▶ Goal of the exercise: From the listing below, reproduce exactly the lines starting with the one with "- Гибкая подводка" and going on through the one with "Lo he combinado", both ends kept. No picture is copied.

▶ Material shown:

━━━━━━━━━━

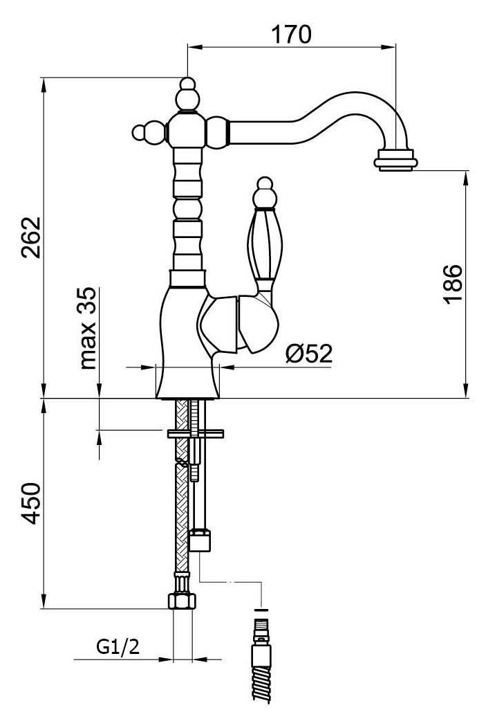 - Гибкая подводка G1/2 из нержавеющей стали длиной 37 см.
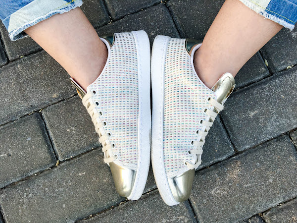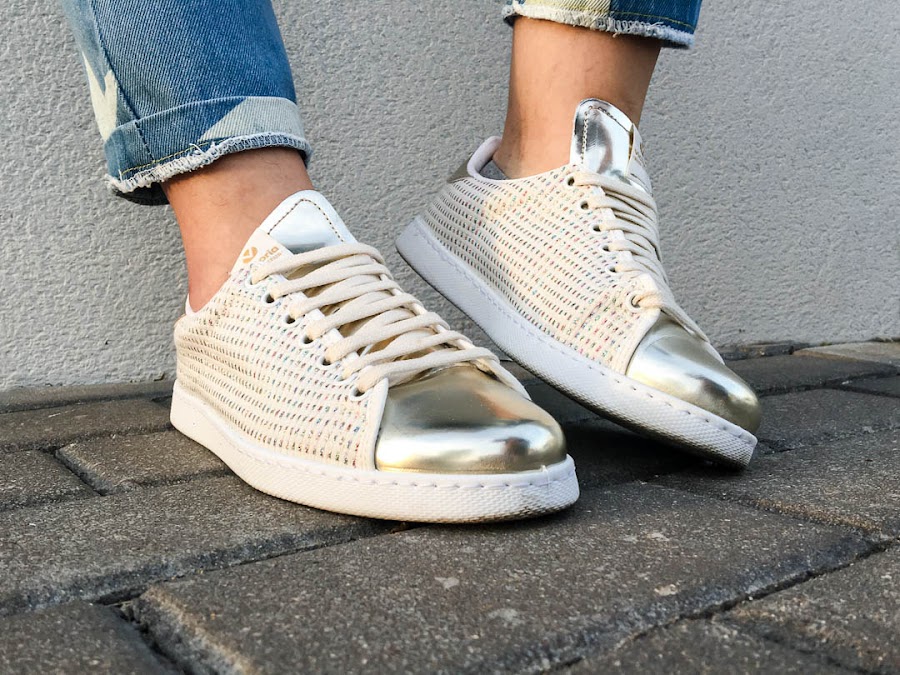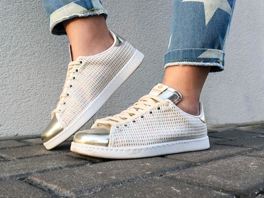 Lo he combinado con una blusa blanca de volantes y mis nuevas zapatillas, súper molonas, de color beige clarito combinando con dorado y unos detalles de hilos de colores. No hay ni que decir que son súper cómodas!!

━━━━━━━━━━

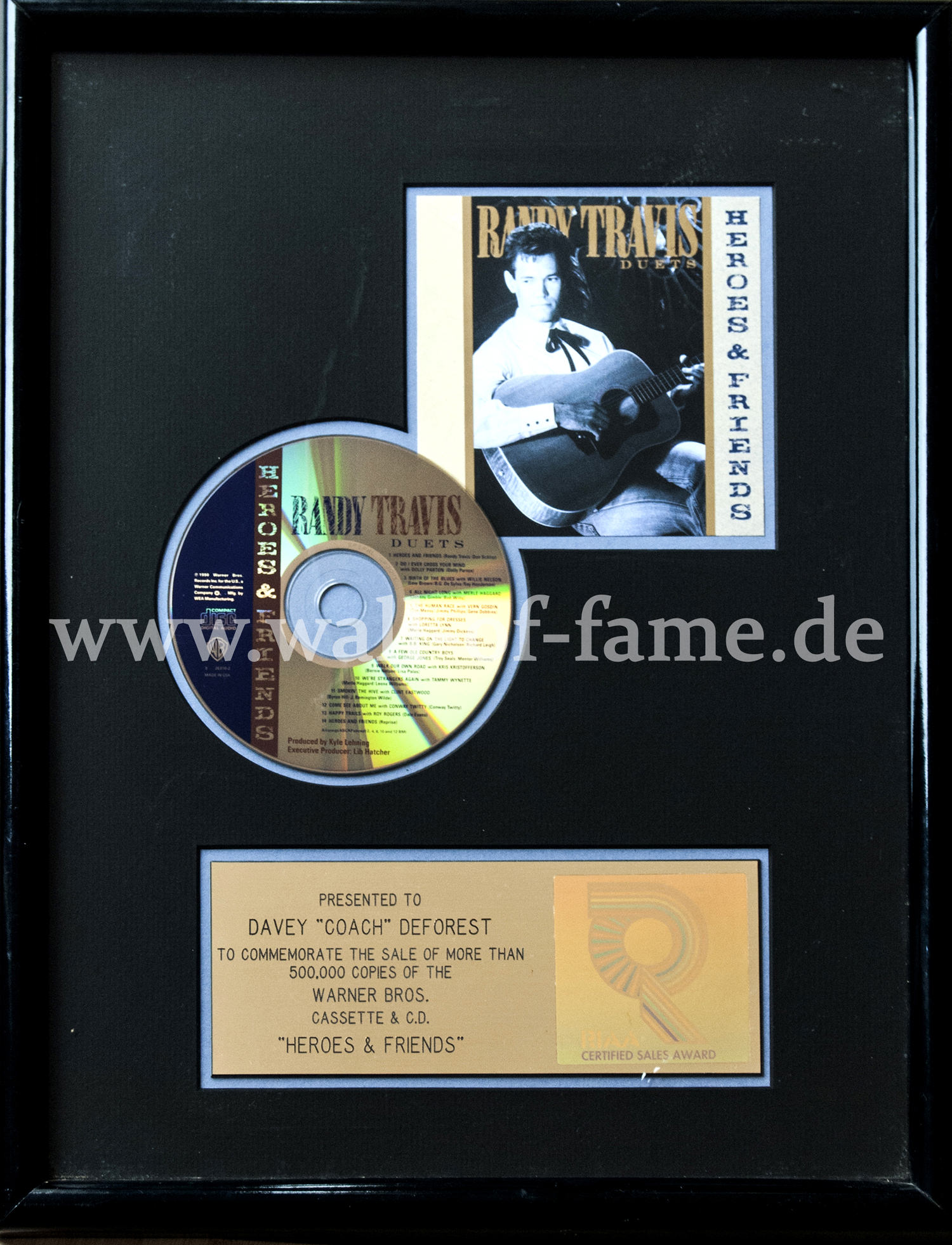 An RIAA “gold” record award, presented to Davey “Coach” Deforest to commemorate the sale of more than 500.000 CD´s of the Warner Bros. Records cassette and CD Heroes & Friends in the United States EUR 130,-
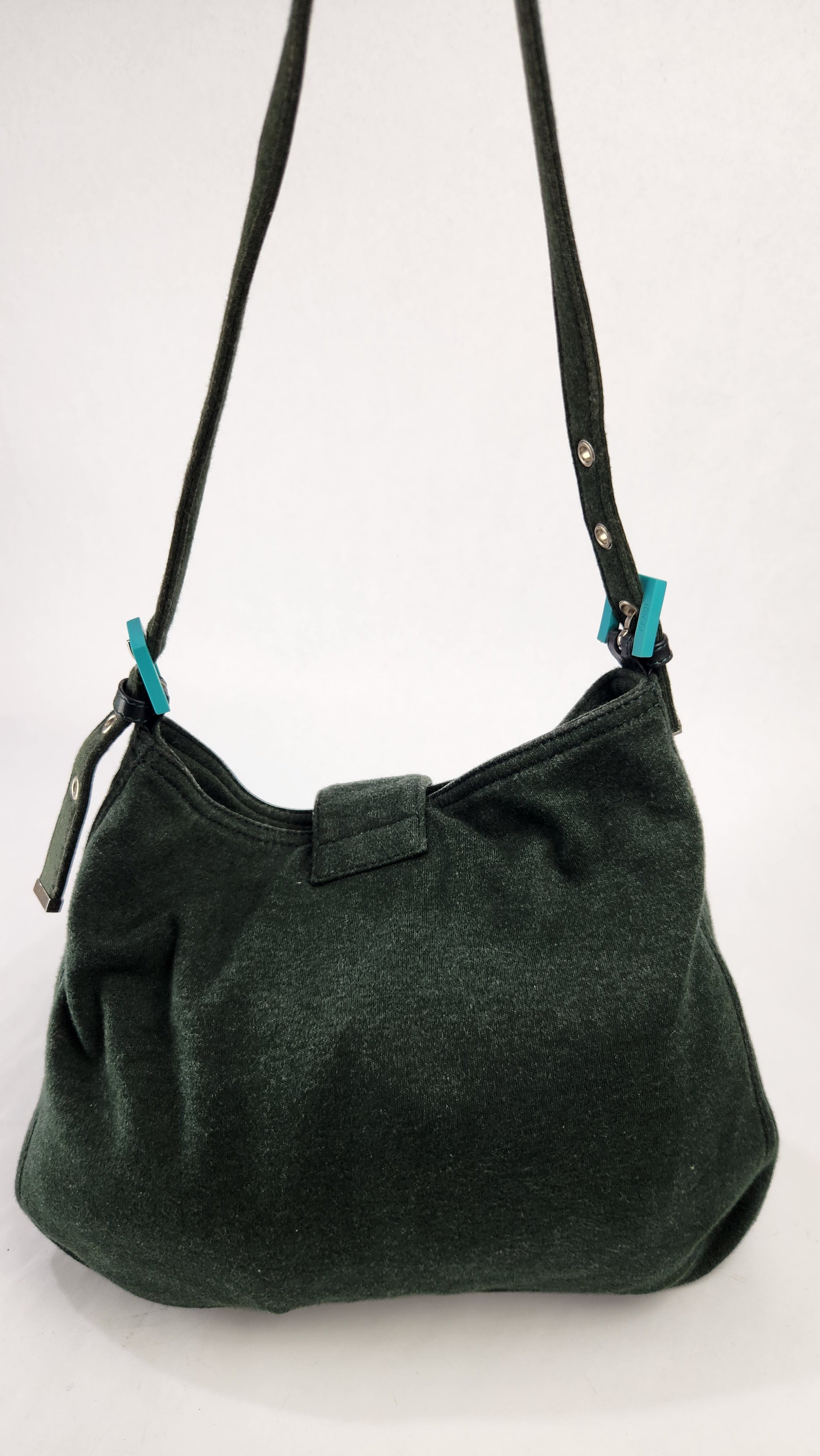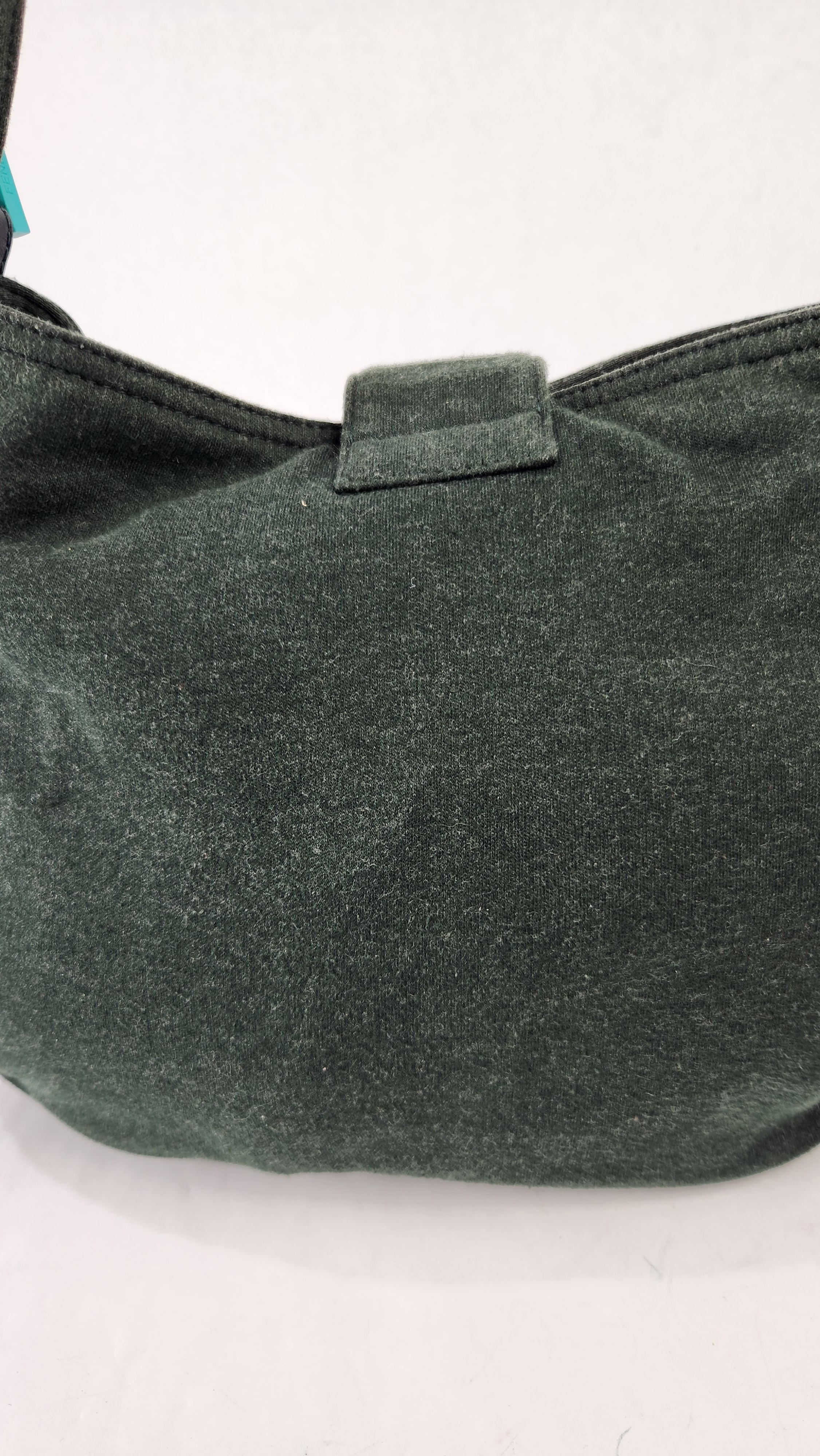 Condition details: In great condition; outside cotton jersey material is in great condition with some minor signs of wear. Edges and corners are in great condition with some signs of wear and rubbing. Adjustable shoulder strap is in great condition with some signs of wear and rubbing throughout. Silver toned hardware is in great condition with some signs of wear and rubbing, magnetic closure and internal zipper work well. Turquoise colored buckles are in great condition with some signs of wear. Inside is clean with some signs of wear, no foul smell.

━━━━━━━━━━

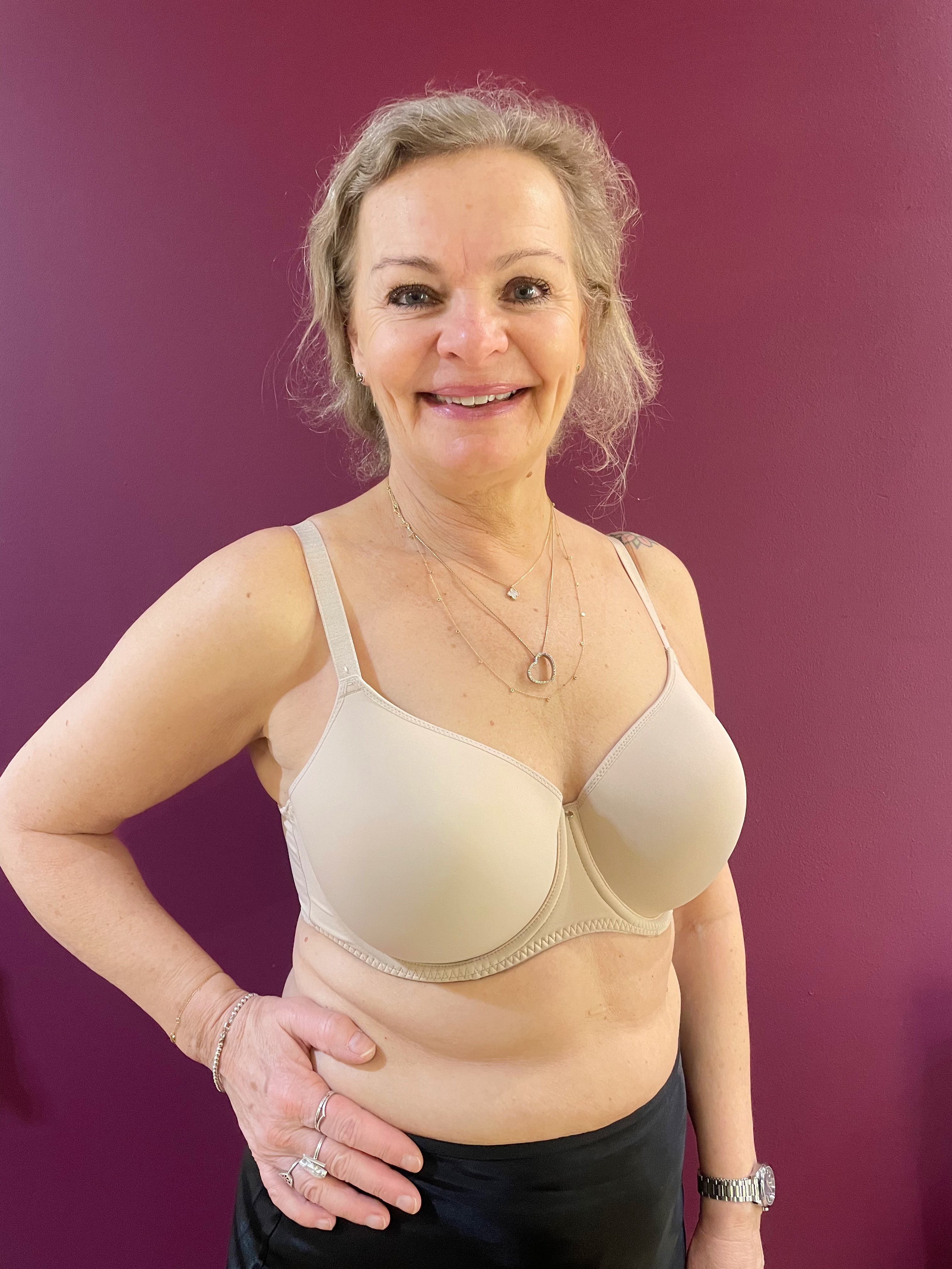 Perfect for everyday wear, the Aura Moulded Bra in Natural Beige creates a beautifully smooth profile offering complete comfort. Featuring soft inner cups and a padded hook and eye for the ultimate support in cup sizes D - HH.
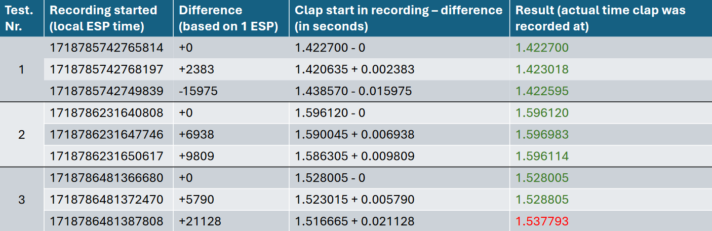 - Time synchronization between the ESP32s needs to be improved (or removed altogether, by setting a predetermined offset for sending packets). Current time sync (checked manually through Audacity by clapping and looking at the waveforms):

━━━━━━━━━━

▶ Result:
 - Гибкая подводка G1/2 из нержавеющей стали длиной 37 см.
 Lo he combinado con una blusa blanca de volantes y mis nuevas zapatillas, súper molonas, de color beige clarito combinando con dorado y unos detalles de hilos de colores. No hay ni que decir que son súper cómodas!!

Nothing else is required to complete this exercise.